→ WHAT IS NEEDED: Beneath this task are the entries; from the line with "Crafted in solid" through the last one, transcribe every line exactly and nothing else, skipping pictures.

*** Opening PROVIDED INFORMATION ***

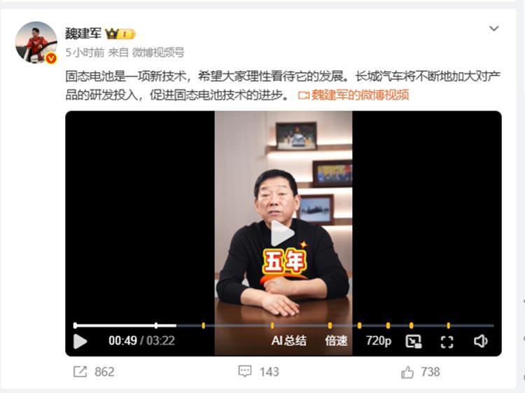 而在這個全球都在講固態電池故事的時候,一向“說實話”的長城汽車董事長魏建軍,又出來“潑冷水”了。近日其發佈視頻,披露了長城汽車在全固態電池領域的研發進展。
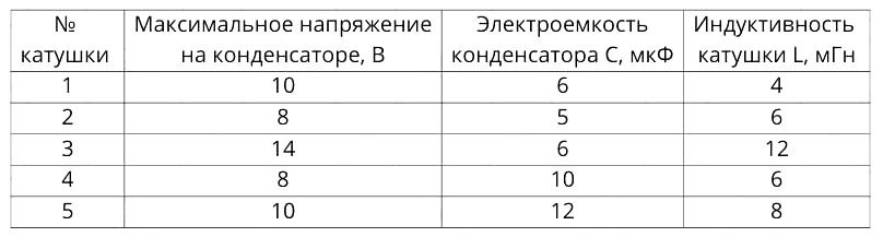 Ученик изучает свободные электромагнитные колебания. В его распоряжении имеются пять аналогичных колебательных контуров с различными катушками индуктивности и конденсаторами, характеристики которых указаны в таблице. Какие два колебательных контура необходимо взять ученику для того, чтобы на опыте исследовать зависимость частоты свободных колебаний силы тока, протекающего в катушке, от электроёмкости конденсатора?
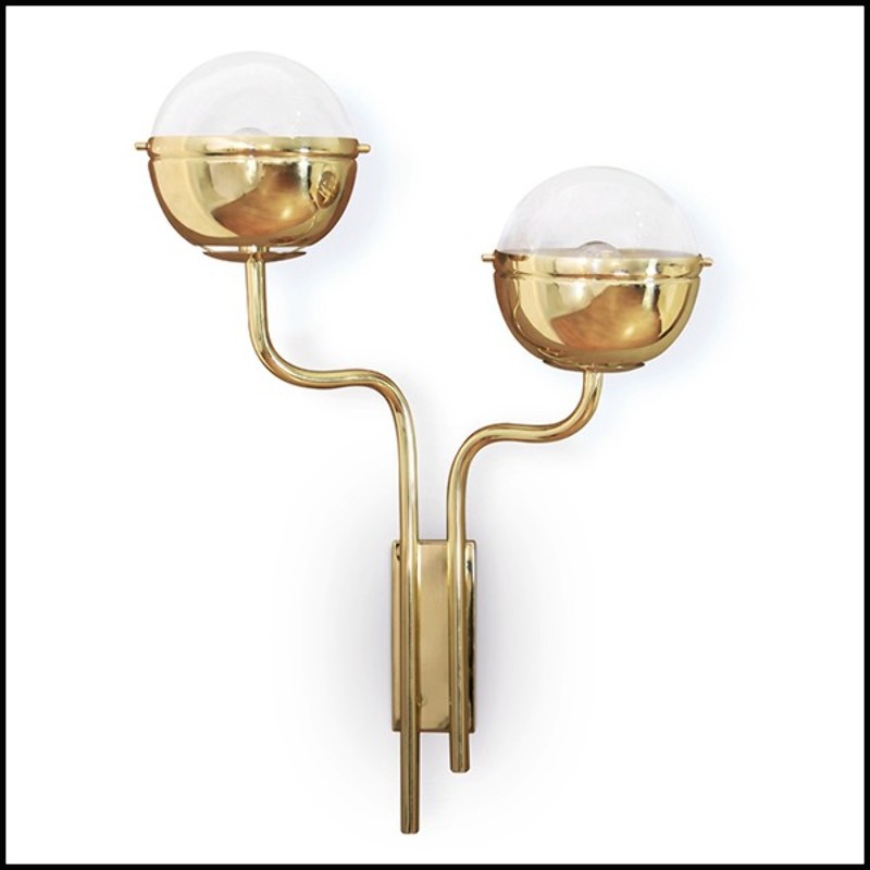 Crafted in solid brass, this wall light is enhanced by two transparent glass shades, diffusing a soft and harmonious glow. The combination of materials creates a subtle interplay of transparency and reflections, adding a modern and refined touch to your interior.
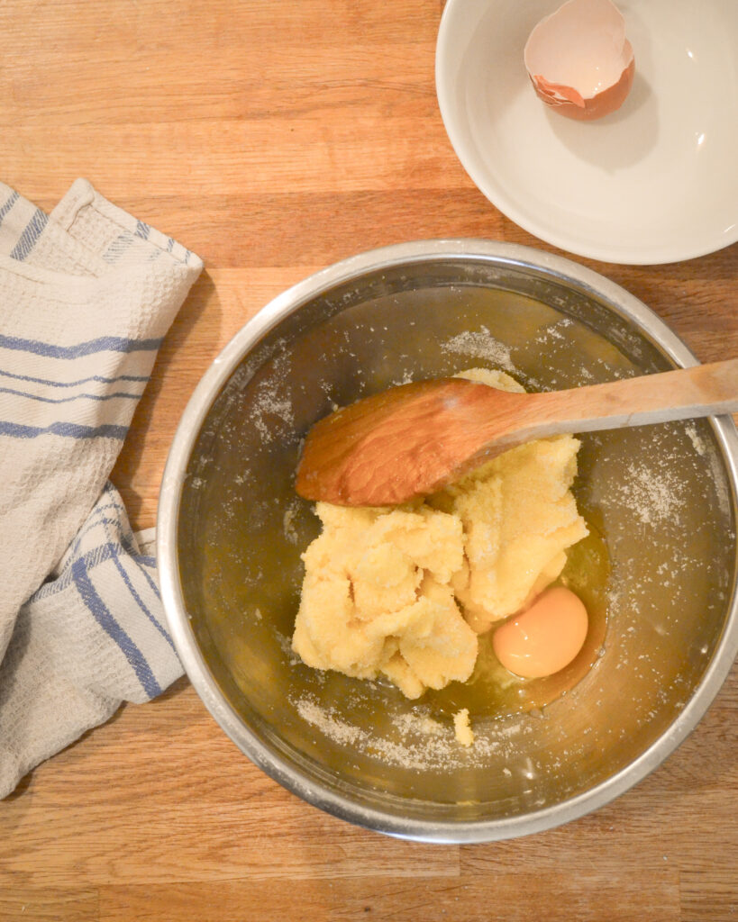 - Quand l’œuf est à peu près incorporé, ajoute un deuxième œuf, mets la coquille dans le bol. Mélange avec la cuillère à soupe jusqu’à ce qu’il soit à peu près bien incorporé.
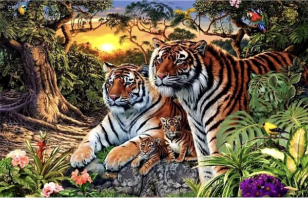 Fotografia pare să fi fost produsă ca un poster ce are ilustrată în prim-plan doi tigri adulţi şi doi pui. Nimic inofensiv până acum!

*** Closing PROVIDED INFORMATION ***

→ OUTPUT BELOW:
 Crafted in solid brass, this wall light is enhanced by two transparent glass shades, diffusing a soft and harmonious glow. The combination of materials creates a subtle interplay of transparency and reflections, adding a modern and refined touch to your interior.
 - Quand l’œuf est à peu près incorporé, ajoute un deuxième œuf, mets la coquille dans le bol. Mélange avec la cuillère à soupe jusqu’à ce qu’il soit à peu près bien incorporé.
 Fotografia pare să fi fost produsă ca un poster ce are ilustrată în prim-plan doi tigri adulţi şi doi pui. Nimic inofensiv până acum!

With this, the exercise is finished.